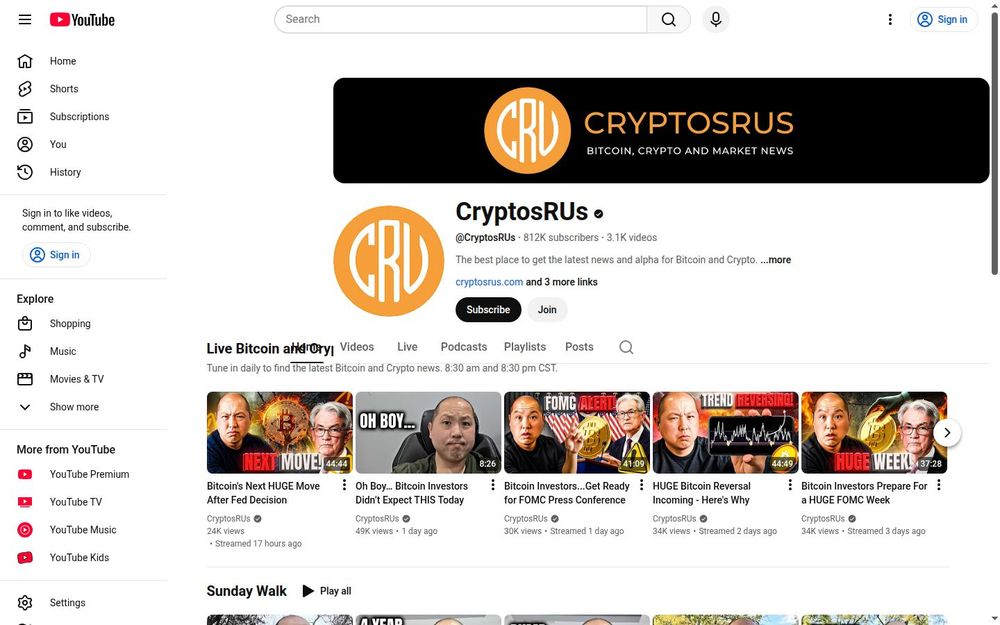 Curated Playlists & Themed Shows: CryptosRUs organizes content into playlists such as "Live Bitcoin and Cryptocurrency News," "Sunday Walk," and "Ask George," making it easy for users to follow specific series or revisit similar-format videos on demand.
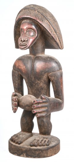 Wooden statue of a standing figure with a large headdress and an oval object in its hands.No longer availableDim. H. 60 cmEstimate: € 80 / 120 -
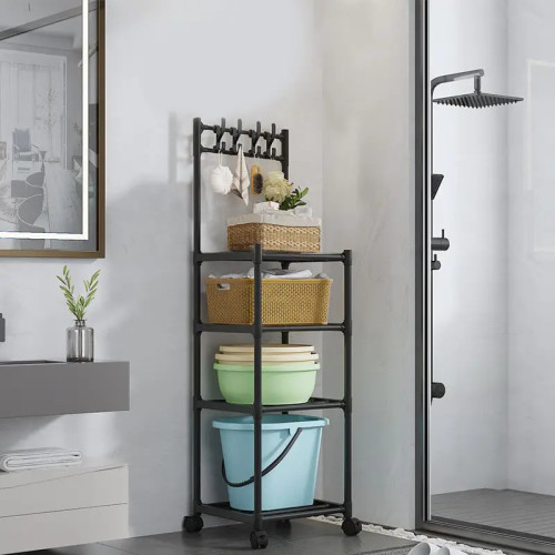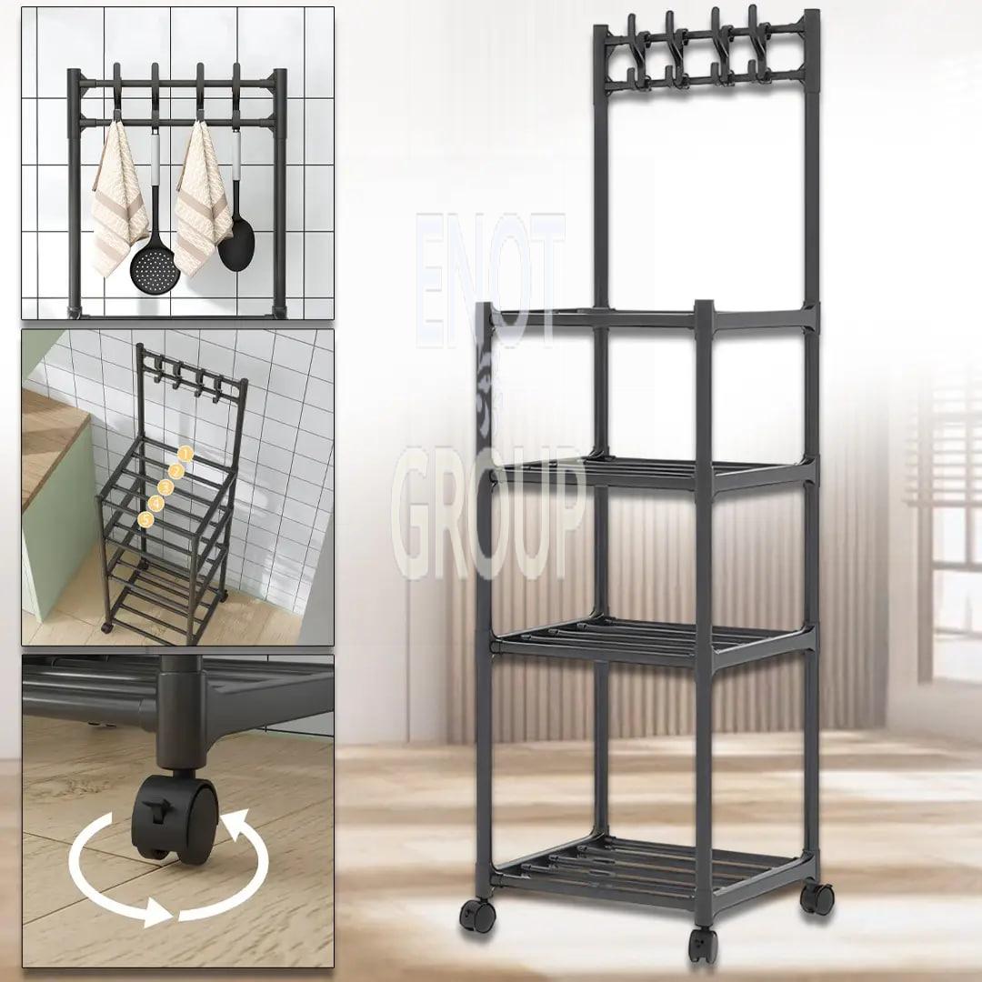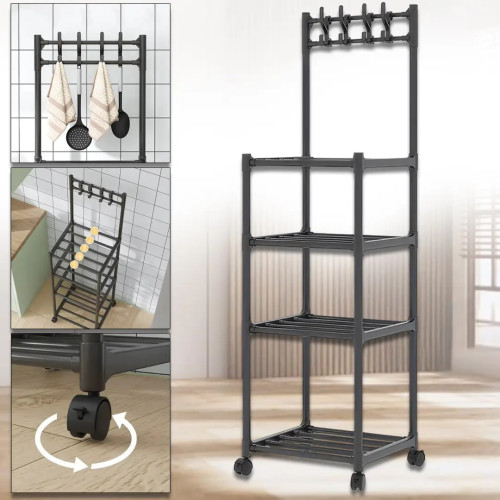 Мобільна 4-ярусна полиця-етажерка з гачками SKLM-21 130×42×34 см

The problem: Write the listing again exactly, duplicating every line and skipping the pictures.

Solved problem:
 Curated Playlists & Themed Shows: CryptosRUs organizes content into playlists such as "Live Bitcoin and Cryptocurrency News," "Sunday Walk," and "Ask George," making it easy for users to follow specific series or revisit similar-format videos on demand.
 Wooden statue of a standing figure with a large headdress and an oval object in its hands.No longer availableDim. H. 60 cmEstimate: € 80 / 120 -
 Мобільна 4-ярусна полиця-етажерка з гачками SKLM-21 130×42×34 см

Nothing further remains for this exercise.